The purpose of this study was to investigate the effect of vestibular function on the body posture. On the basis of the literature and the knowledge based on the anatomy of the nervous system, we hypothesized that “under-responsiveness” or “over-responsiveness” of the postrotary nystagmus causes an asymmetry of body posture and a deterioration of the position of the head, shoulders, the extent of thoracic kyphosis and lumbar lordosis. Previously, few studies on the influence of vestibular functioning on body posture alterations have been inconclusive, therefore investigating this topic of the research seems to be justified [10,11].

The study was carried out between January and June 2015 and took place in the Mosina Community. The study group consisted of 65 consecutively selected healthy children (40 girls, 25 boys) aged 7 to 12 years. The average age was 9 years and 4 months (1 year and 7 months). Participants were divided into 3 groups according to age: 7-9 years old (33 children), 10-12 years old (32 children). Children with vestibular, neurological, orthopedic, or sensory disorders, medications affecting psychomotor activity, or reported dizziness were excluded from this study.

The examination of participants included the measurement of body posture and Postrotary nystagmus.

Kasperczyk Visual-point Method was used to evaluate the body posture of children. It is the visual– analytical assessment of individual parameters of body posture which is widely used in screening examination of school aged children. Each element of the child’s body posture was measured in coronal, sagittal, and transvers planes while a child was in relaxed standing 1.5–2 meters distance from researcher.
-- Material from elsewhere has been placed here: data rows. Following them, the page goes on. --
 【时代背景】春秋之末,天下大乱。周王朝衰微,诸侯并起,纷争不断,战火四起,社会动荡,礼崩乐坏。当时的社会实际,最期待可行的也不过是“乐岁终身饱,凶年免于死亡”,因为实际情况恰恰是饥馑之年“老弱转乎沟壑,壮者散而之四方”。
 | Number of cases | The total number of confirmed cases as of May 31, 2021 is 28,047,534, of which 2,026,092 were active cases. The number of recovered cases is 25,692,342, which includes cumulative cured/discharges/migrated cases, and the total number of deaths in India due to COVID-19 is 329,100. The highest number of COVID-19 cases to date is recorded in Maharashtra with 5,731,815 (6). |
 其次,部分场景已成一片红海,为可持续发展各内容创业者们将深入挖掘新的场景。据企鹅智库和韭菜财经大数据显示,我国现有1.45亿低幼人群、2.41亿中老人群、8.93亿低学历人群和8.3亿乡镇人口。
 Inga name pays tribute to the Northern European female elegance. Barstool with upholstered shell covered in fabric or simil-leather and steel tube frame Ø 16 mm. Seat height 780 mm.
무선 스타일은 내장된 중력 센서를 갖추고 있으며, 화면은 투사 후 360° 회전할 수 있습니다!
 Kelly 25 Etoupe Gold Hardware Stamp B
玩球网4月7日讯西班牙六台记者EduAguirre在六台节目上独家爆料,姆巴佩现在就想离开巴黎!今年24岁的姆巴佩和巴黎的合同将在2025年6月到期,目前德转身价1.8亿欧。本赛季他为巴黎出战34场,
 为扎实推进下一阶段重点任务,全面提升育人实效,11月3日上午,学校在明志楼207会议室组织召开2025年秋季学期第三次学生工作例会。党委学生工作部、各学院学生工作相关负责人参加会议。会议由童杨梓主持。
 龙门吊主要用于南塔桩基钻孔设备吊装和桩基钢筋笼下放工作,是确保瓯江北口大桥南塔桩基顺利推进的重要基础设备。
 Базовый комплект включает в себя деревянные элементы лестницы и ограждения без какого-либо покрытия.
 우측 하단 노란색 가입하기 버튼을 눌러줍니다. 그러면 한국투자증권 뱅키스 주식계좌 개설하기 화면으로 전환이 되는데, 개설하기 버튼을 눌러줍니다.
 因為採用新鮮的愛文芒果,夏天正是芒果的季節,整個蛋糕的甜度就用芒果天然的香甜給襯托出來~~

Visual assessment was supported by palpation. The following elements were assessed: the position of the head, shoulder girdle including scapula, abdomen, the shape of chest, thoracic kyphosis, lumbar lordosis, the angle of knee (genu valgum or genu varum) and foot arch (the Clarke’s angle was also measured). Each parameter of body posture was scored on 5–point scale. The value of “0” indicated the correct state, 1- the slight deviation, 2 or 3- the significant deviation, 4 or 5–the structural deviation. The sum of the obtained points determined the quality of body posture.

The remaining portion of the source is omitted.